### Task instructions
Set down, exactly and only, everything from the line containing "学校からのお知らせと・知事メッセージ" down to the line containing "Ramo Novia Cibeles." in the data below; the pictures are not part of the copy.

### Data listing
= = = =
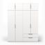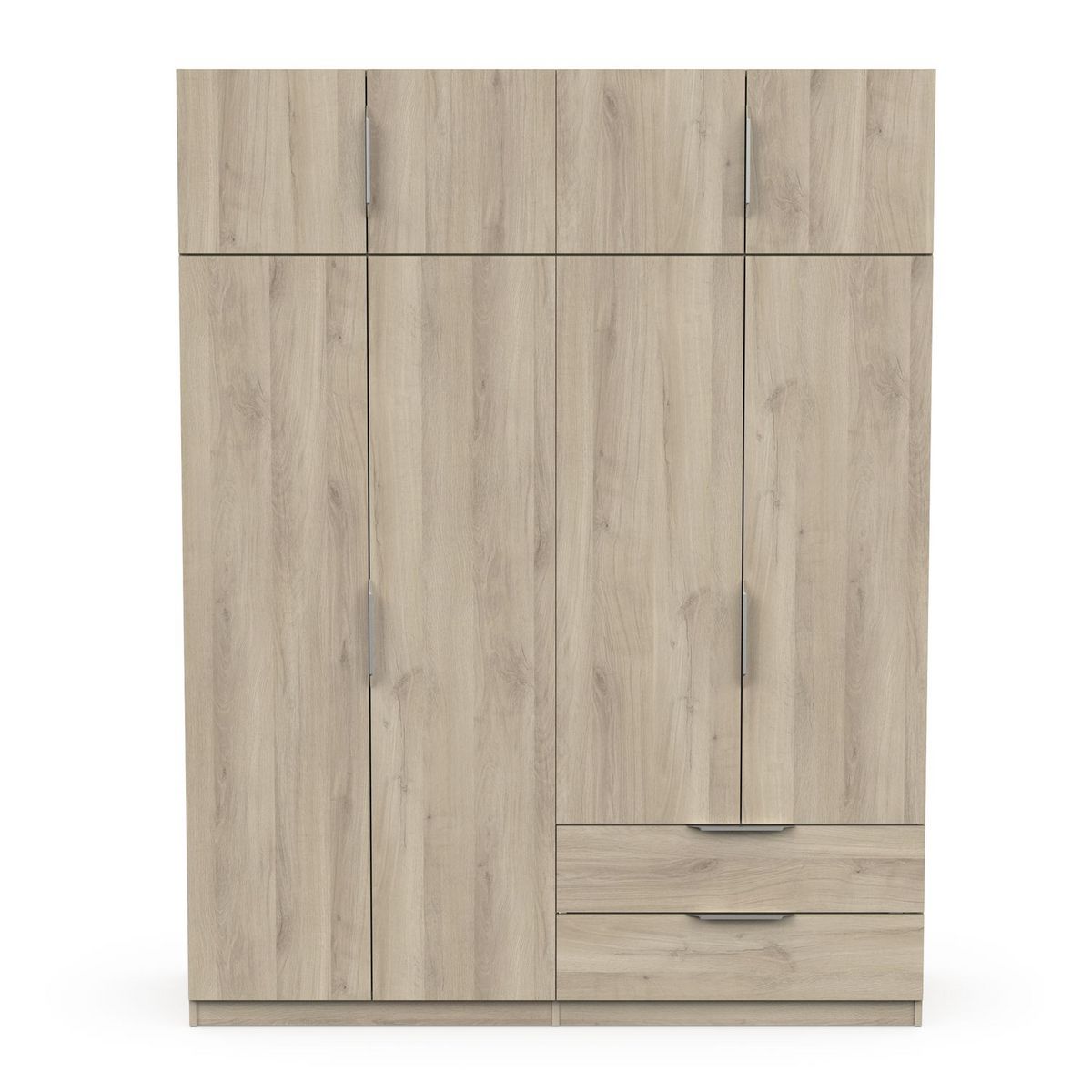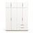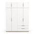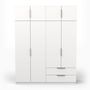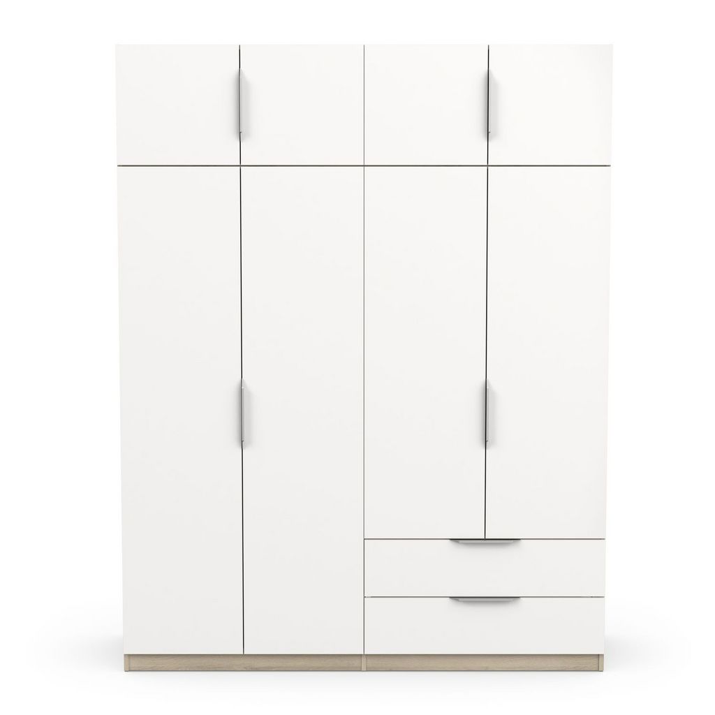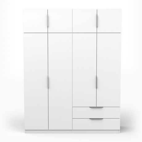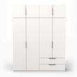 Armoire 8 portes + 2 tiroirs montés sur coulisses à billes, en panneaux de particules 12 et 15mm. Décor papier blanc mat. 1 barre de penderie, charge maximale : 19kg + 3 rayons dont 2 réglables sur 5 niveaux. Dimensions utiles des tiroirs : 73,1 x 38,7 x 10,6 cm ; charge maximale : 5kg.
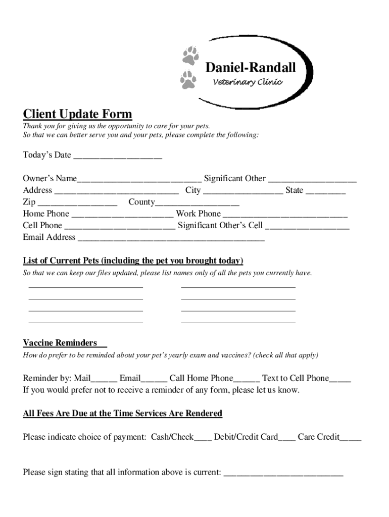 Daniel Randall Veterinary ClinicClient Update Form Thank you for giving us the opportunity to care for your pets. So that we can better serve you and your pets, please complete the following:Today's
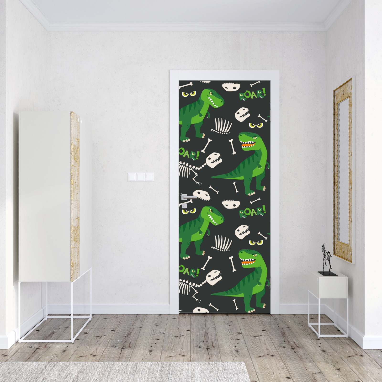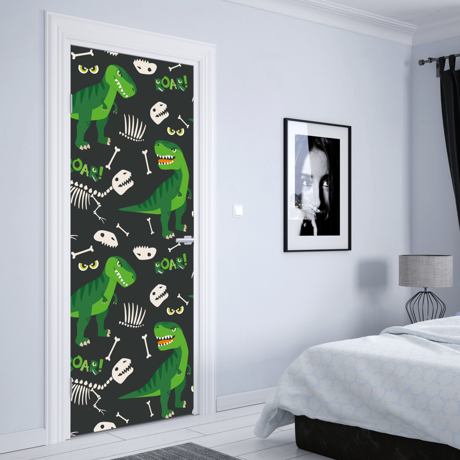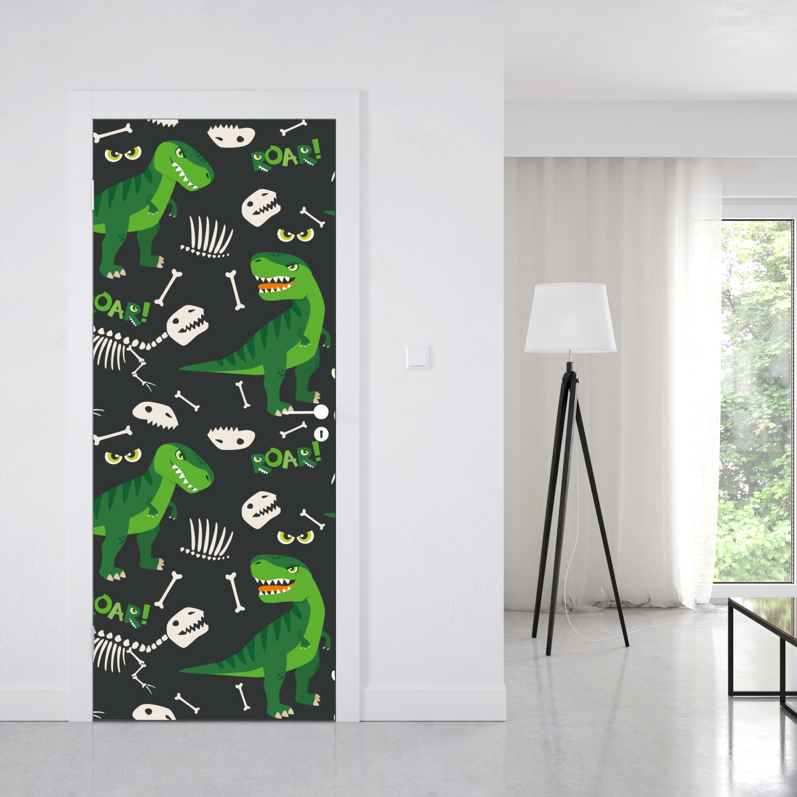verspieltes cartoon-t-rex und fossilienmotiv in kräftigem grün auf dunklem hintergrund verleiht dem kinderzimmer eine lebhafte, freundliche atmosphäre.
= = = =
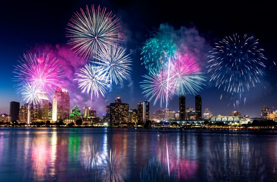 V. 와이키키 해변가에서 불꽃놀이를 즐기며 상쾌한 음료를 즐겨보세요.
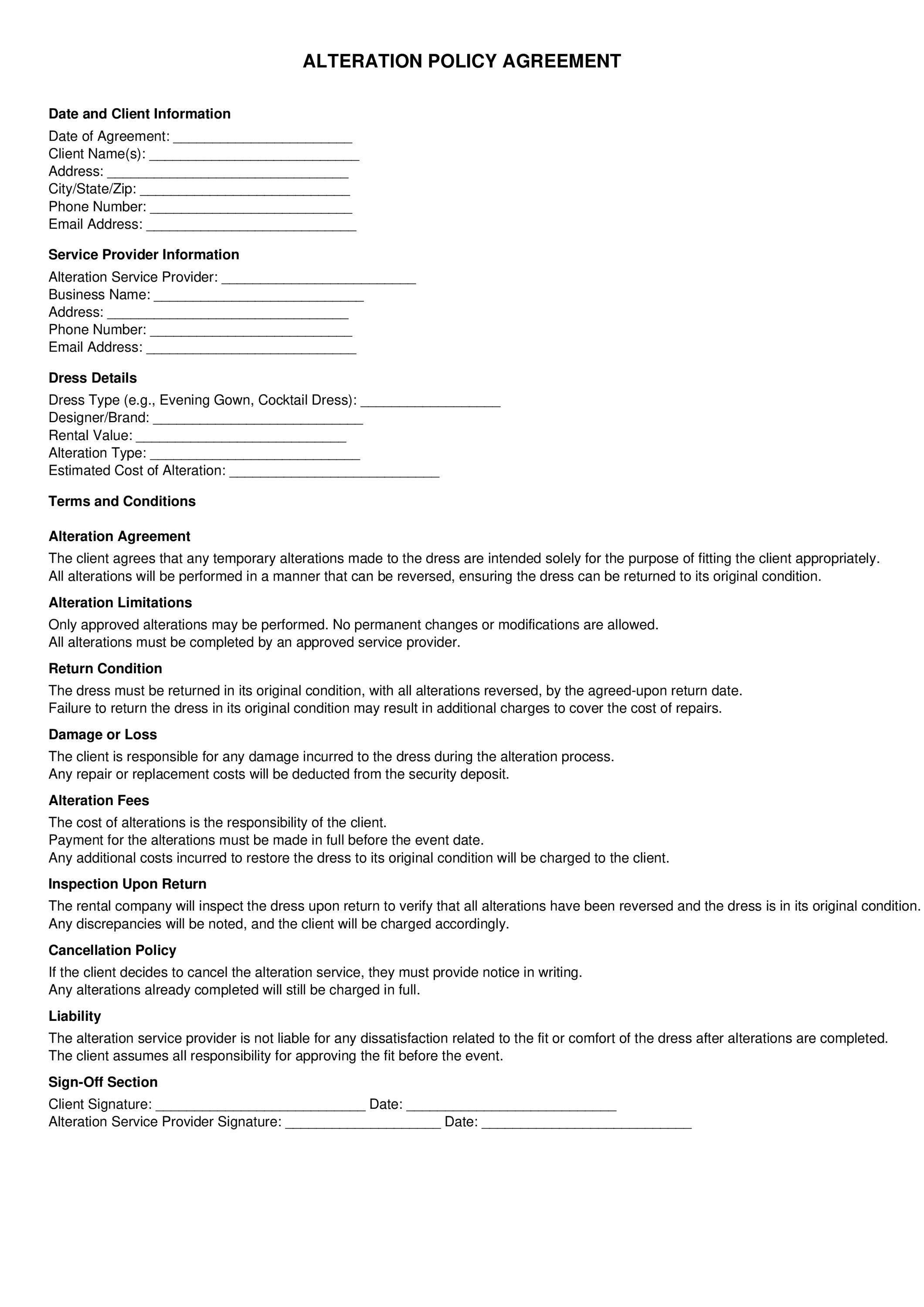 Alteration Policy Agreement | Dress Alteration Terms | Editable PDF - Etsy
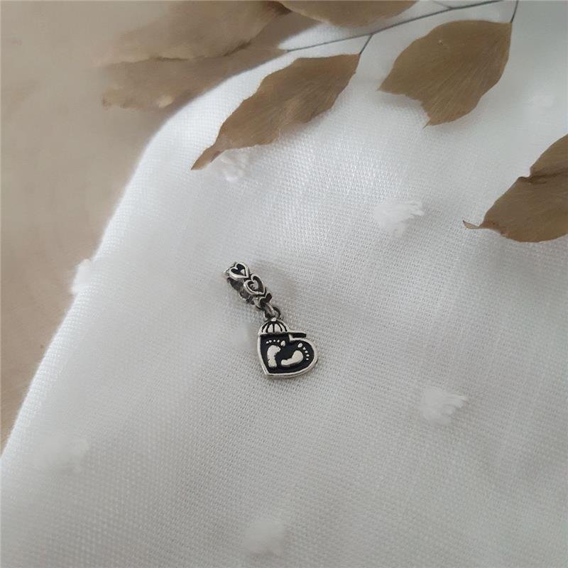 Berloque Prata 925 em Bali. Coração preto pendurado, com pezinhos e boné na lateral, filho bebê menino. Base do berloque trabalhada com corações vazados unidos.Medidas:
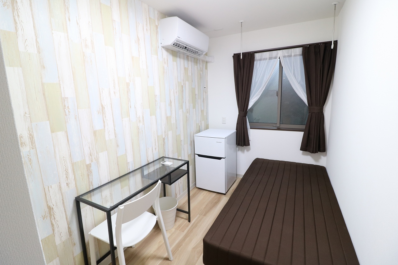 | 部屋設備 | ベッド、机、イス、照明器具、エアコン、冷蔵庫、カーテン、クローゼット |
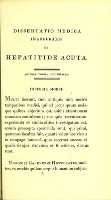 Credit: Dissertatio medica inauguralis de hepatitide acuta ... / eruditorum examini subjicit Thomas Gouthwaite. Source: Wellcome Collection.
= = = =
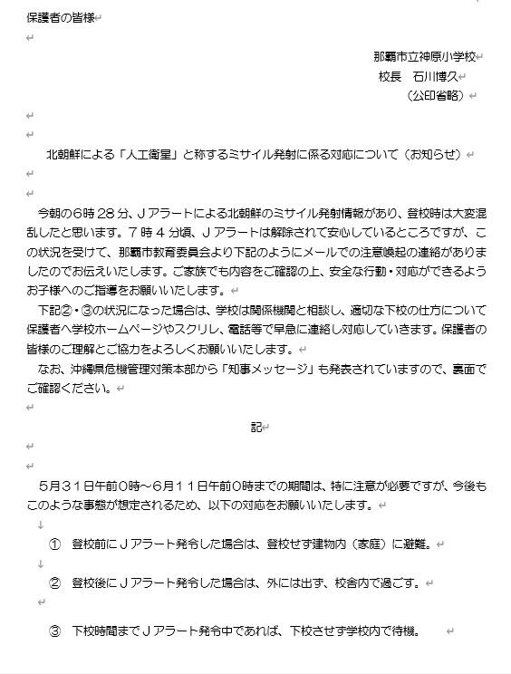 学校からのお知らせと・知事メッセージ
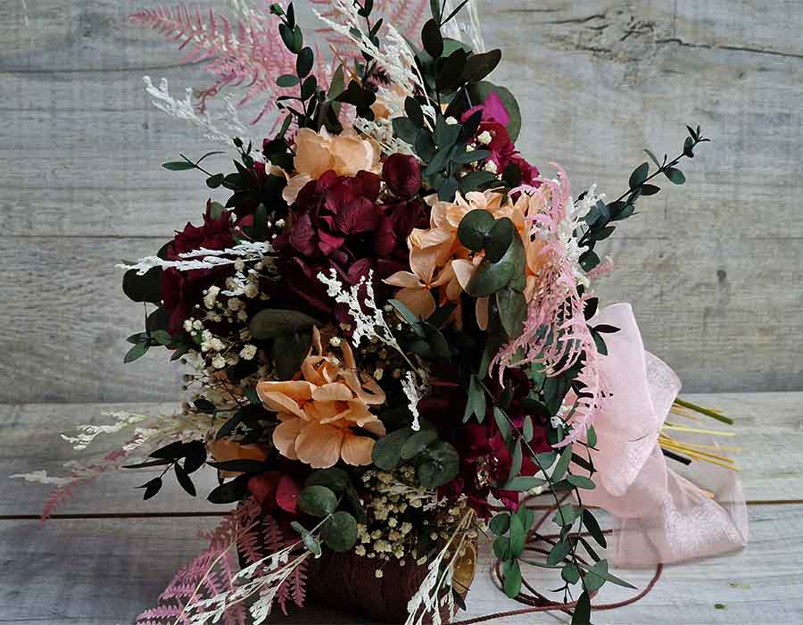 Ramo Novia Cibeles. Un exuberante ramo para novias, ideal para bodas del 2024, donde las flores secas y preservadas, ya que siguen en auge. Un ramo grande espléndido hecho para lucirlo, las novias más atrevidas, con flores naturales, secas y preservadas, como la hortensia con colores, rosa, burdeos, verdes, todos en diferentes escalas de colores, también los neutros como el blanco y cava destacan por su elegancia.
= = = =
### Written reply
 学校からのお知らせと・知事メッセージ
 Ramo Novia Cibeles. Un exuberante ramo para novias, ideal para bodas del 2024, donde las flores secas y preservadas, ya que siguen en auge. Un ramo grande espléndido hecho para lucirlo, las novias más atrevidas, con flores naturales, secas y preservadas, como la hortensia con colores, rosa, burdeos, verdes, todos en diferentes escalas de colores, también los neutros como el blanco y cava destacan por su elegancia.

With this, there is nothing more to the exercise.